Supplements You Need after Age 50
There are a handful of supplements that aging adults require, as age can cause a decline in nutrient status, or an increase in need for certain vitamins and minerals.
1. Vitamin D
This hormone is harder to produce in the skin with age, and when individuals remain indoors and not exposed to sunlight, stores and vitamin levels can plummet. Most physicians recommend a blood test of vitamin D levels to ascertain if a supplement is necessary. The best form to supplement with is vitamin D3, or the active, animal source of vitamin D. Low vitamin D levels can lead to many health conditions, including depression, autoimmune and inflammatory diseases, cancer, and bone loss. Older adults who take just 800 IUs of vitamin D3 each day can help reduce the risk of fractures and falls.
2. Calcium
Calcium is one of those all-important minerals that the body requires on a daily basis. If you don’t consume enough, your body will pull stored calcium from bone tissue, and over time this can lead to a condition called osteopenia, and if this condition worsens, can lead to osteoporosis—a condition of brittle bones. Calcium can also help with weight loss, cardiovascular health, and help reduce high blood pressure. Most older adults need about 1,000mg of calcium each day. To put this in perspective—one (1) cup of milk has about 300mg of highly absorbable calcium.
3. Vitamin B12
This energy-giving vitamin is extremely difficult to absorb in the digestive tract. With age, this absorption decreases dramatically, and approximately 1 in 31 of elderly adults aged 51 or older have low vitamin B12 levels (<200pg/mL). Vitamin B12 is also only sourced from animal and fortified foods, meaning the vegetarian diet may not provide enough of this vitamin. Sublingual vitamin B12 supplements are an option, to allow vitamin B12 to enter the bloodstream under the tongue, and vitamin B12 shots are also an option. The best way to assess vitamin B12 status is to test methylmalonic acid levels, and if they are elevated, a deficiency in vitamin B12 is most likely present.
4. EPA/DHA Omega 3 fatty acids
With age, comes inflammation. There’s just no way around it, except to consume anti-inflammatory foods such as omega-3 fatty acids.
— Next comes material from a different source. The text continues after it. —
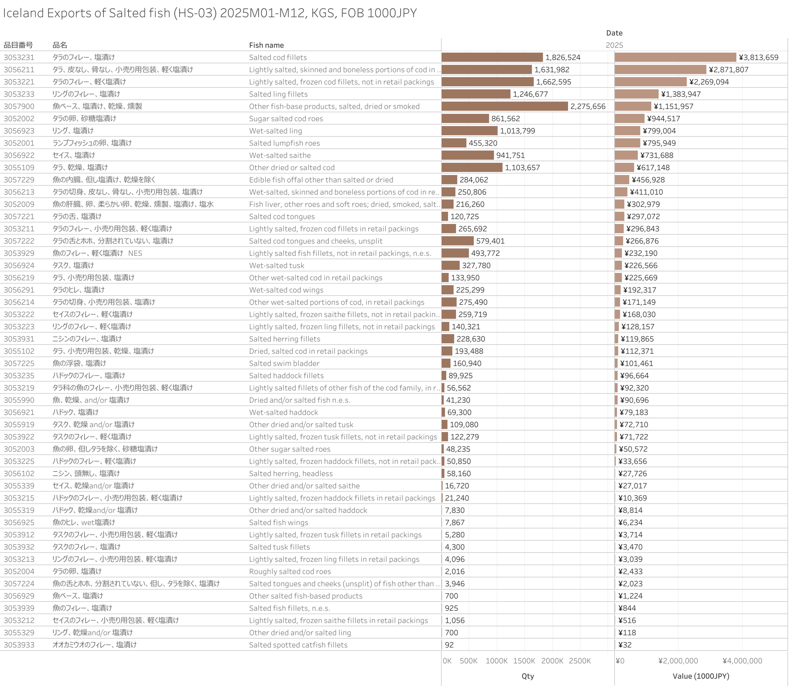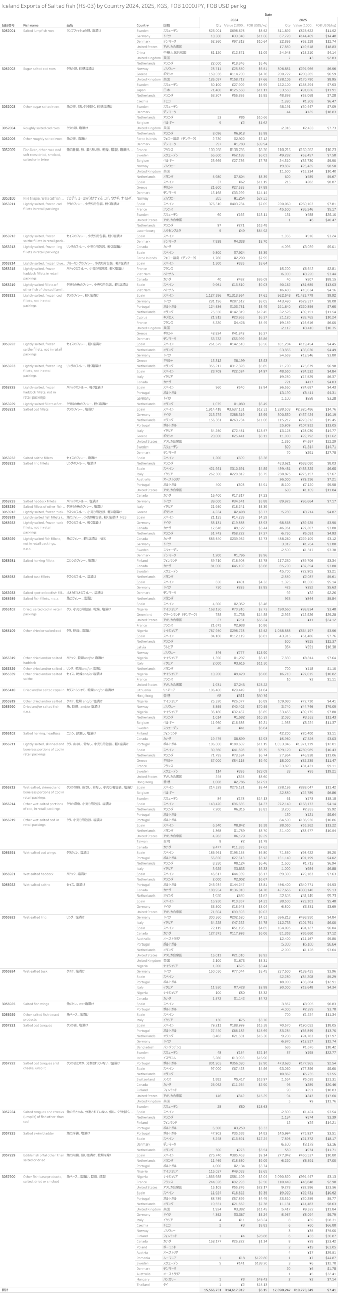 アイスランド 塩漬けの魚(HS-03)輸出統計 2025年12月まで
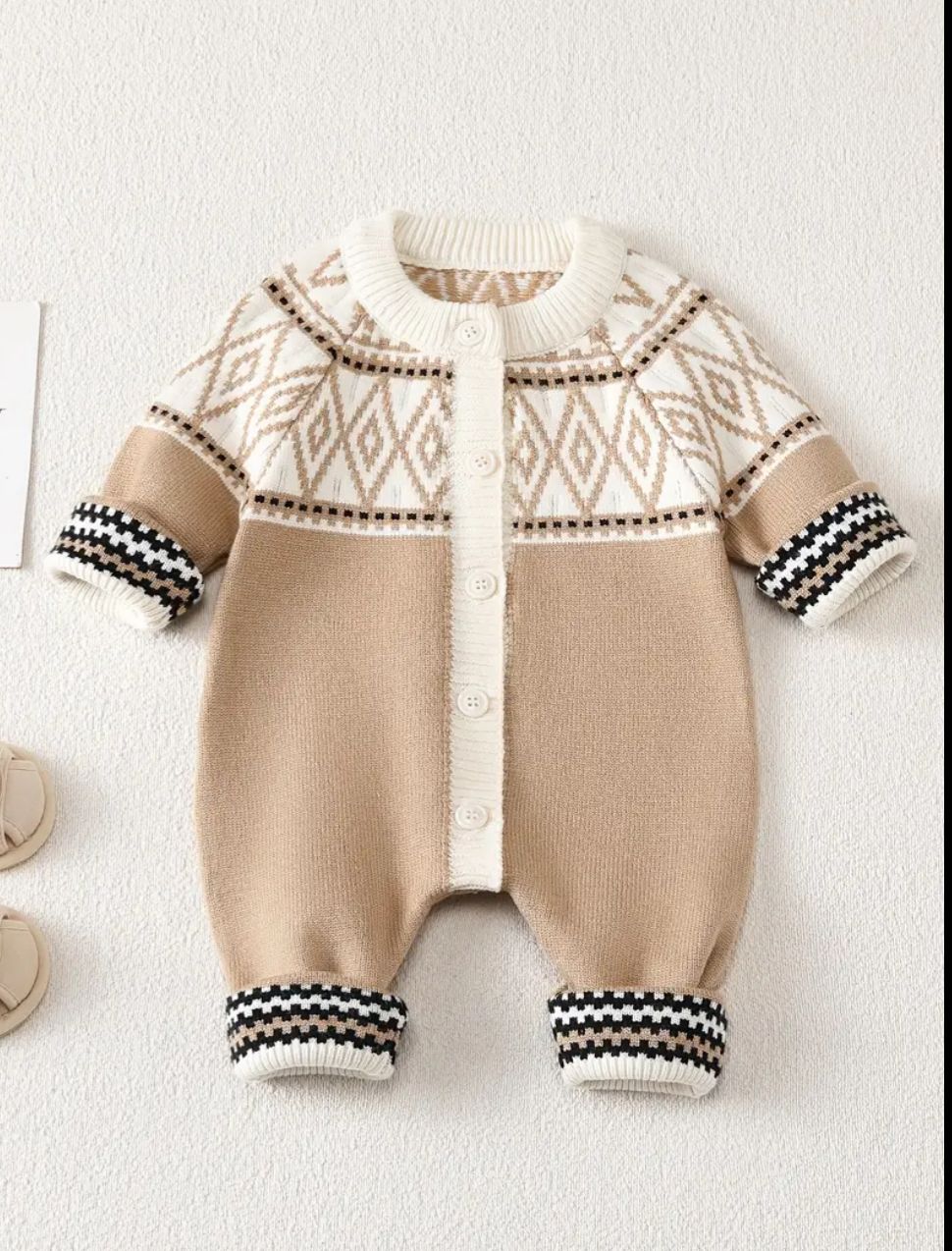 Enterizo de punto suave y cálido, ideal para mantener a tu bebé cómodo en todo momento.

Adults can consume 2-3 oz of fatty fish like salmon, mackerel, or sardines a couple of times per week, or take a supplement. When choosing a supplement, make sure it is packed in a light-protective bottle. Test one capsule by breaking it open, checking for a fishy odor – as this could indicate the oil inside has gone rancid. Omega -3s are heart healthy and help protect your arteries from the inflammation that causes cholesterol deposits.
5. Magnesium
The perfect mineral counterpoint to calcium, magnesium is a very important electrolyte, responsible for muscle relaxation, blood flow, and proper glucose balance. Some of the symptoms of magnesium deficiency include chronic constipation, muscle spasms or muscle tightness, high blood pressure, and environmental allergies. Magnesium deficiency is also often present in people with diabetes and heart disease. The best way to test magnesium levels is to look at the amount of magnesium on red blood cells, also called Magnesium, RBC by the lab.
6. Potassium
Potassium is another important electrolyte, which is very helpful for reducing blood pressure, and maintaining electrolyte balance within the cell. Certain medications can affect potassium levels in the blood, and so you’ll want to check with your doctor before taking a potassium supplement. It’s a better idea to ensure you are eating potassium-rich foods like fruits, vegetables, and dairy products like milk and yogurt. This will go a long way to ensure your blood pressure stays in a healthy range.
References:
Centers for Disease Control and Prevention.
Van Grevenhof J, Funderburg K. Prevention of nutritional deficiencies in the elderly. J Okla State Med Assoc. 2003 Mar;96(3):150-3.
Leif Mosekilde. Vitamin D and the elderly. Clinical Endocrinology (2005) 62, 265–281.